1
votes

Can xtext lexer emit whatever it can't recognize as a special token? Like

terminal USE: 'use';
terminal SELECT: 'select';
terminal OTHER_KEYWORDS: /* not 'use' nor 'select' */;

I write grammar like

terminal fragment A: 'a' | 'A';
    ...
terminal fragment Z: 'z' | 'Z';

terminal fragment LETTER: 'a'..'z' | 'A'..'Z';

terminal fragment A_: 'b'..'z' | 'B'..'Z';
      ...
terminal fragment Z_: 'a'..'y' | 'A'..'Y';

terminal fragment SU_: 'a'..'r' | 't' | 'v'..'z' | 'A'..'R' | 'T' | 'V'..'Z';

terminal OTHER_KEYWORDS:
  SU_ LETTER* |

  U S_ LETTER* |
  U S E_ LETTER* |

  S E_ LETTER* |
  S E L_ LETTER* |
  S E L E_ LETTER* |
  S E L E C_ LETTER* |
  S E L E C T_ LETTER*
;

The reason I want to do this is because antlr will failed on that kind of typo and failed for all the parsing after that.
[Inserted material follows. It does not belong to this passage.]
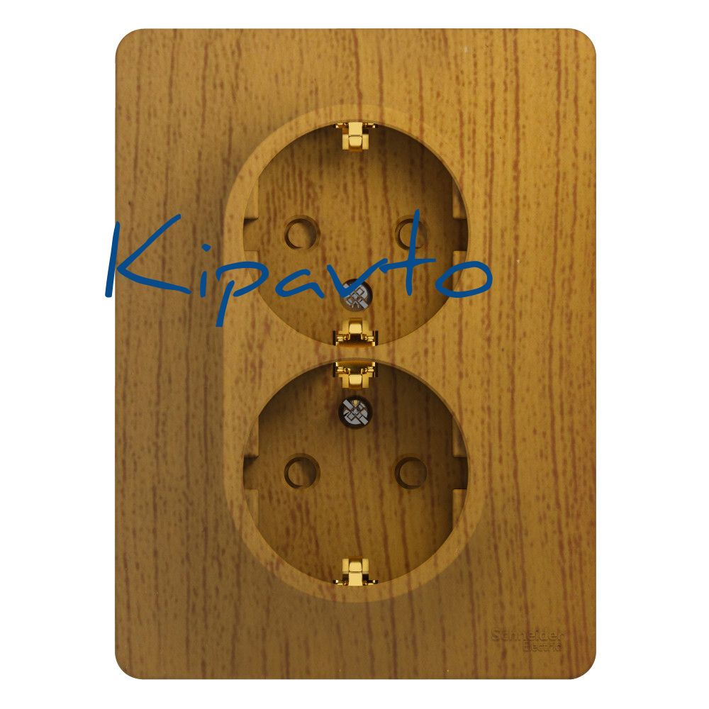 GLOSSA Розетка двойная с заземлением со шторками дуб в сборе

If there is another could avoid failed for parsing then I don't need to use this error prone and looks stupid way to solve that.

1

1 Answers

1
votes

I found out simply using ID to consume the other garbage in input stream would work.

terminal USE: 'use';
terminal SELECT: 'select';
       ...
terminal TYPO: ID;

So if I have us e, us will be parsed as an ID; if I have use, use will be parsed as a USE. The order of terminal tokens is important.